Et lorsqu’un traité est rejeté par referendum par le peuple souverain, ses propres représentants, le président de la République et le parlement, passent outre en votant une copie conforme de ce dernier deux ans plus tard.

Ainsi, l’arbitrage présidentiel, le contrôle de constitutionnalité des traités et le recours au referendum populaire, qui étaient les trois garanties constitutionnelles de sauvegarde de la souveraineté nationale, ont été les unes après les autres contournées par nos gouvernants, pressés d’entrer dans une servitude volontaire et acceptant de se soumettre au principe de souveraineté limitée.

Or, la liberté des peuples n’existe que par l’exercice de leur souveraineté, seule garante de leur indépendance nationale.

Cette liberté, les peuples européens la reconquièrent, scrutin après scrutin partout sur le vieux continent. Cette volonté de se réapproprier son destin secoue le joug fédéraliste de Rome à Vienne en passant par Varsovie, Prague, Bratislava….
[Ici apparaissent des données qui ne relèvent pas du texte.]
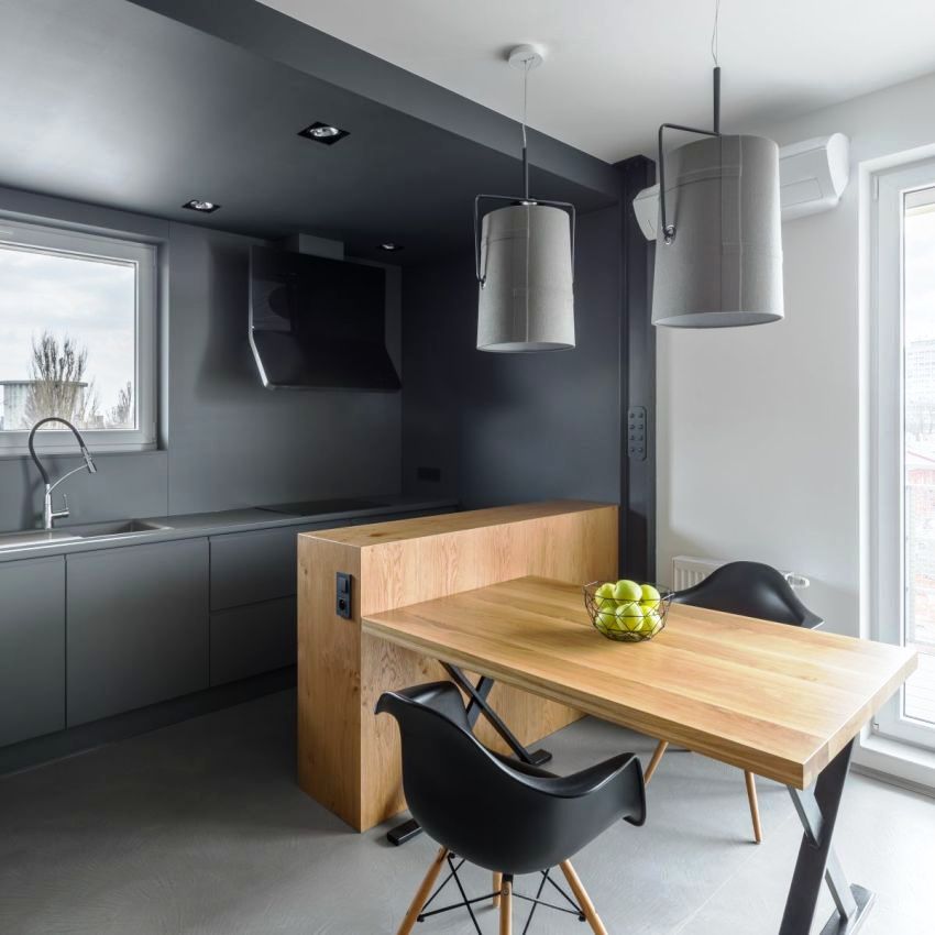 Cara memilih meja untuk dapur dengan gaya minimalis di bahagian dalam apartmen: foto

Contrairement aux prédictions les plus insensées des technocrates mondialistes, le concept d’Etat-Nation n’est nullement dépassé. Il est plus que jamais vivant, car il repose sur le fondement inaliénable du droit des peuples à disposer d’eux-mêmes et réaffirme avec force que la démocratie se confond avec la souveraineté.

N’en déplaise à Jean-Claude Juncker, Emmanuel Macron ou encore Angela Merkel, les choix démocratiques demeurent supérieurs aux traités européens, c’est l’esprit même de notre République et de nos institutions et c’est tout l’enjeu des élections européennes du printemps 2019.